* Work to complete:
Exclude the pictures, then repeat exactly each line from the one containing "bord van keramiek, donkerblauw" to the final line of the records that follow.

◇ ◇ ◇ ◇ ◇

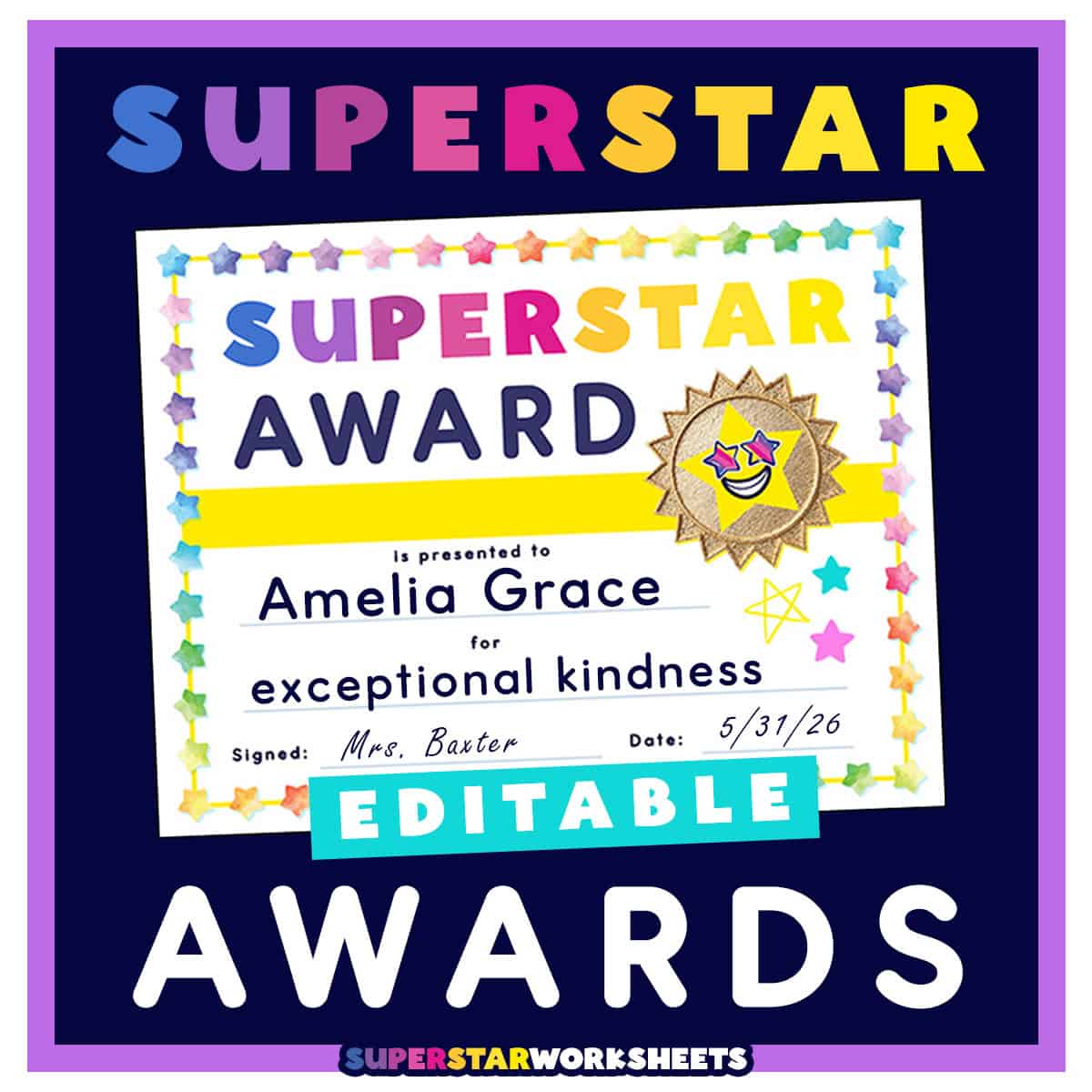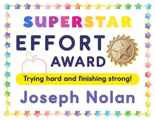 FREE Superstar Awards! These free printable certificates and awards, in pdf format, are perfect for celebrating student success in your classroom or homeschool. They’re completely editable so you can add your own students’ names, dates, and specific achievements. Our vibrant printable awards recognize achievements in academic excellence, as well as character strengths such as teamwork, effort, and positive behavior. Download these free printable award certificates today!
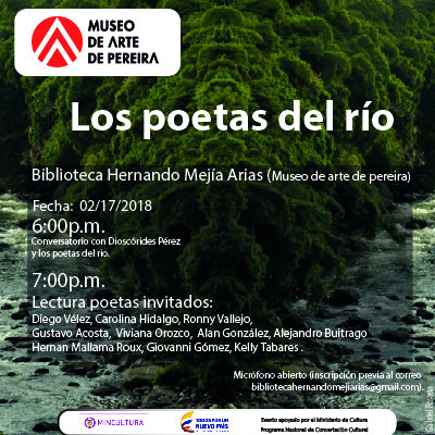 Los ríos son testigos de miles de historias, protagonistas de la unión y separación, son vías y medios, son un personaje importante en el paisaje, son héroes que hacen parte de una cultura, de una historia, del arte y de la literatura; actualmente, tendrán cabida en el Museo de Arte de Pereira, en donde ocho poetas invitados harán de una noche, algo inolvidable para la imagen que tenemos de nuestros ríos.
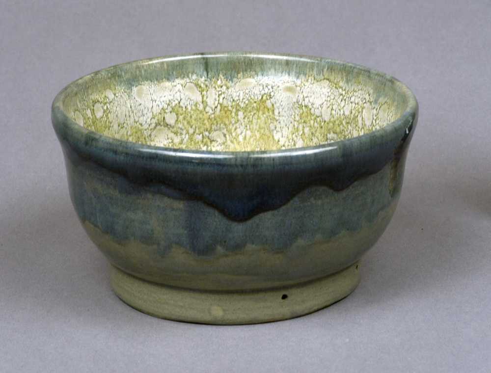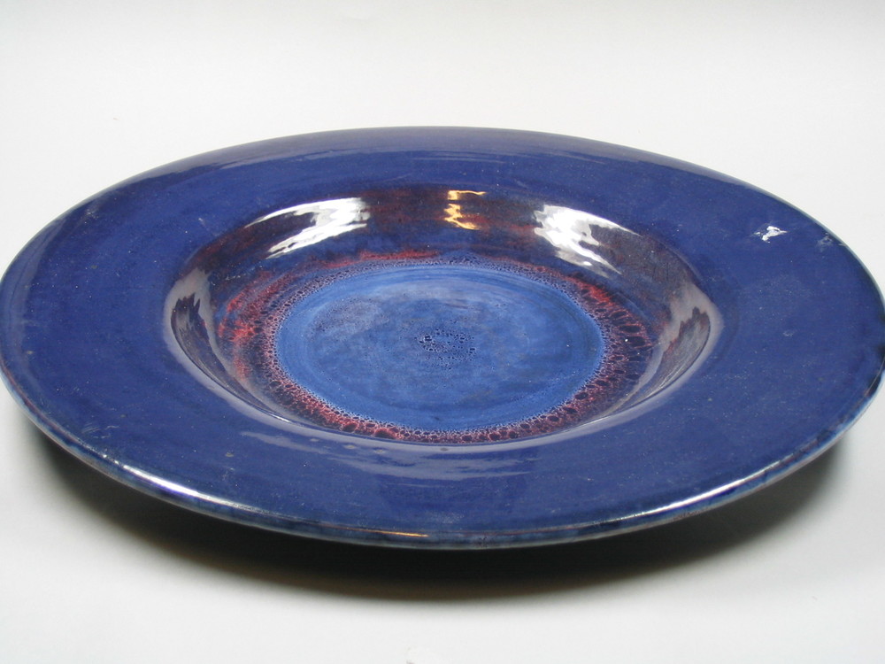 bord van keramiek, donkerblauw met rozerood vlekkenp...
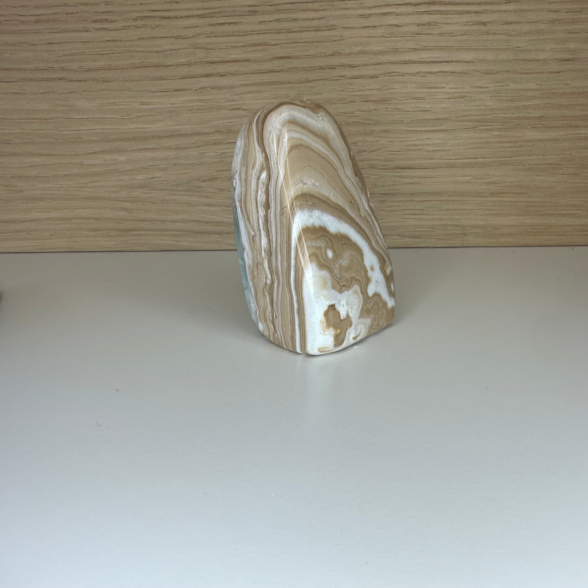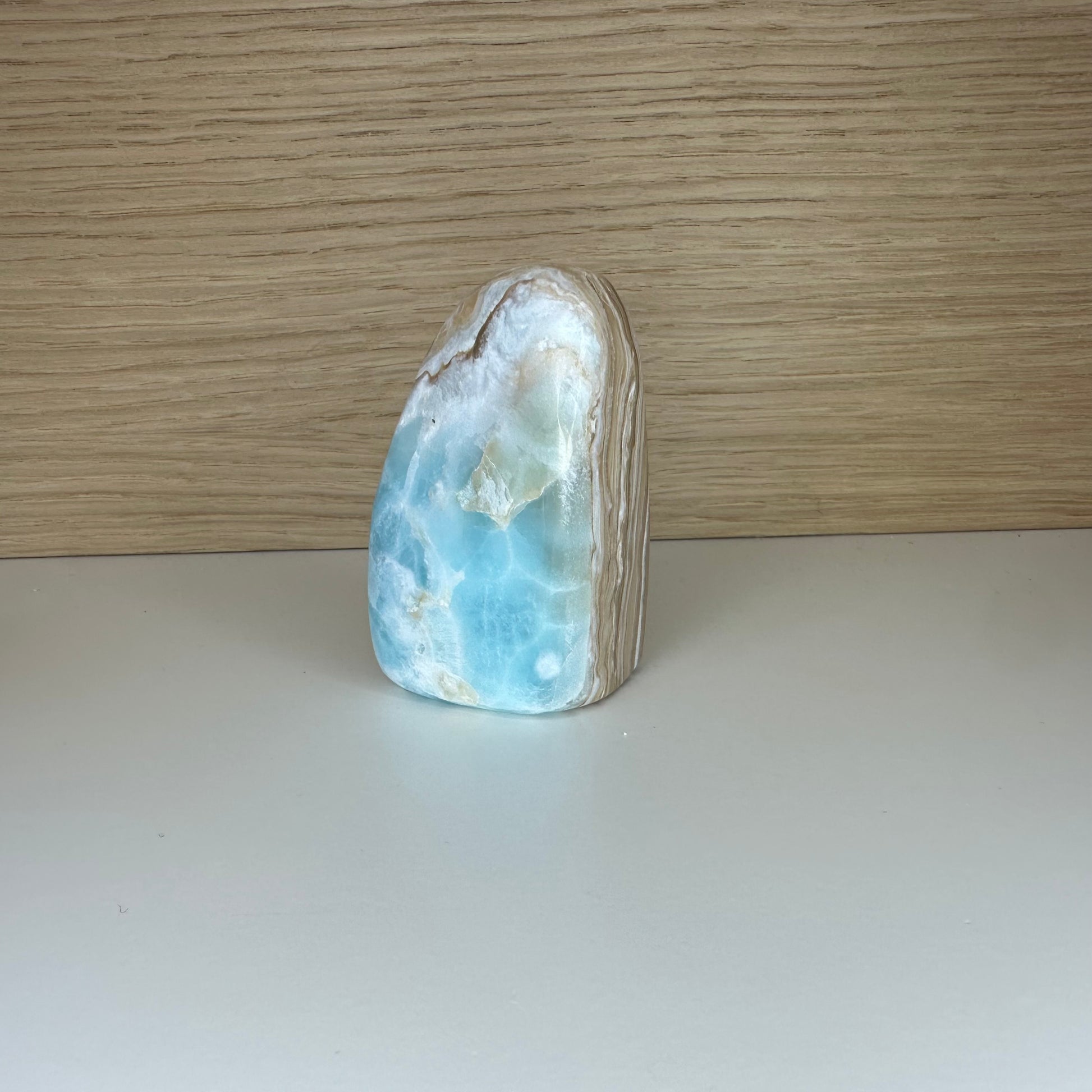Caribisk calcit er elsket for sine havblå og sandfarvede mønstre, som i freeform kommer til deres ret i bølgende, uforudsigelige former. Poleringen fremhæver stenens indre liv og variation, så du får et unikt stykke naturhistorie, formet med respekt for dets oprindelse.
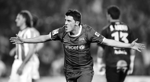 | 1月17日,巴萨球员比利亚在与马拉加队的比赛中庆祝进球。 新华社发 |
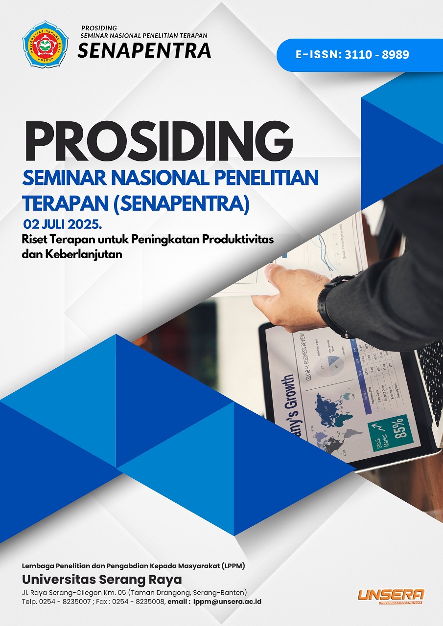 Kumpulan artikel penelitian yang dipublikasikan pada Seminar Tahunan yang diselenggarakan Lembaga Penelitian dan Pengabdian Masyarakat (LPPM) Universitas Serang Raya. Seluruh artikel yang dipresentasikan dalam kegiatan Seminar Nasional Penelitian dan Pengabdian, dipublikasikan melalui Open Journal System (OJS) Prosiding Seminar Nasional Penelitian Terapan (SENAPENTRA). Kegiatan Seminar Nasional dilaksanakan pada Rabu, 02 Juli 2025 yang bertempat di Gedung Rachmatoellah Convention Hall (RCH) Universitas Serang Raya.

◇ ◇ ◇ ◇ ◇

* Worked solution:
 bord van keramiek, donkerblauw met rozerood vlekkenp...
Caribisk calcit er elsket for sine havblå og sandfarvede mønstre, som i freeform kommer til deres ret i bølgende, uforudsigelige former. Poleringen fremhæver stenens indre liv og variation, så du får et unikt stykke naturhistorie, formet med respekt for dets oprindelse.
 | 1月17日,巴萨球员比利亚在与马拉加队的比赛中庆祝进球。 新华社发 |
 Kumpulan artikel penelitian yang dipublikasikan pada Seminar Tahunan yang diselenggarakan Lembaga Penelitian dan Pengabdian Masyarakat (LPPM) Universitas Serang Raya. Seluruh artikel yang dipresentasikan dalam kegiatan Seminar Nasional Penelitian dan Pengabdian, dipublikasikan melalui Open Journal System (OJS) Prosiding Seminar Nasional Penelitian Terapan (SENAPENTRA). Kegiatan Seminar Nasional dilaksanakan pada Rabu, 02 Juli 2025 yang bertempat di Gedung Rachmatoellah Convention Hall (RCH) Universitas Serang Raya.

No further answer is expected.